Подошел грустный Геныч с опустившимися вниз кончиками усов. Он тоже чувствовал свою вину.
– Это, конечно, ерунда, – сказал он. – Ерунда.
Олигарх Филимонов приказал выгнать всех из номера, кроме поставленной присмотреть за ребенком кастелянши. Та сидела на диване с крохотной девочкой на руках, качала ее, говорила глупые детские слова и неожиданно вызвалась покормить девочку грудью.

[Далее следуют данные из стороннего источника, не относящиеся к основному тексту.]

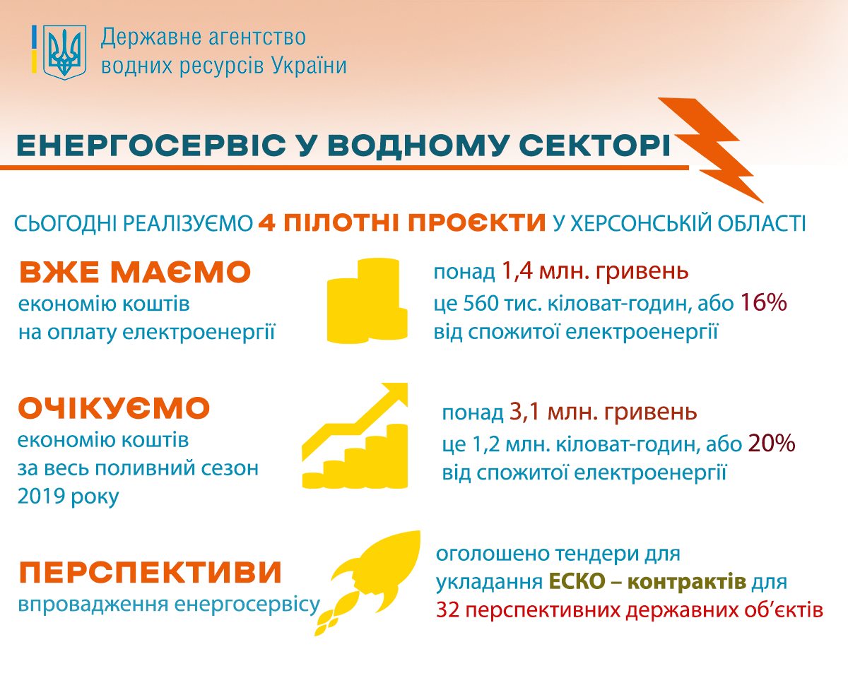За даними Держводагентства, впровадження перших 4-х ЕСКО-контрактів на насосних станціях у Херсонській області на початку літа ц.р. дозволило зменшити споживання електроенергії на 15%. Це близько 1,4 млн грн заощаджених коштів лише за червень-липень цього року. Планується досягти 20% річної економії енергоспоживання на цих об’єктах.
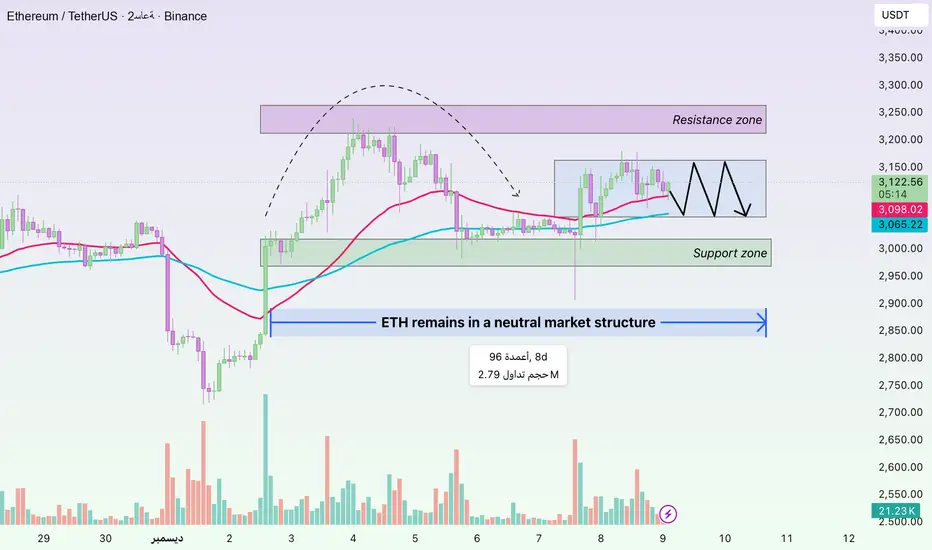 استنادًا إلى هذه العوامل، أتوقع استمرار ETH في التماسك أو احتمال عودة لاختبار منطقة 3,060–3,080 قبل إظهار حركة أوضح بعد اجتماع الفيدرالي.

Филимонов и Геныч резко отвернулись. Я то-же отвернулась от неожиданно обнаружившегося во мне стеснения. Аня продолжала сидеть с закрытыми глазами. Кажется, интерес ее к жизни был потерян. Отец пробовал с ней поговорить, но та отвечала неохотно и односложно, не открывая глаз.
– Раз не твоя, будем искать дальше, – сказал Филимонов.
– Где ее взяли?
– Тоже у цыганки отобрали. На Беговой.
– И куда ее теперь?
Геныч пожал плечами:
– В детский дом.
– Нет, – сказала Аня. – Я ее забираю.
Геныч и Филимонов переглянулись.
– Ты уверена? – спросил Филимонов осторожно.
– Да.
Филимонов хотел что-то сказать, но Аня посмотрела на него взглядом Саломеи, падчерицы Ирода.
– Папа, ты же поможешь мне ее удочерить? – спросила она. И добавила: – Пожалуйста!
Аня взяла крохотную девочку на руки и начала качать.
Олигарх Филимонов сказал Генычу:
– Педиатра найди.
– Какого?
– Самого лучшего. И еще…
– Что? – спросил Геныч шепотом.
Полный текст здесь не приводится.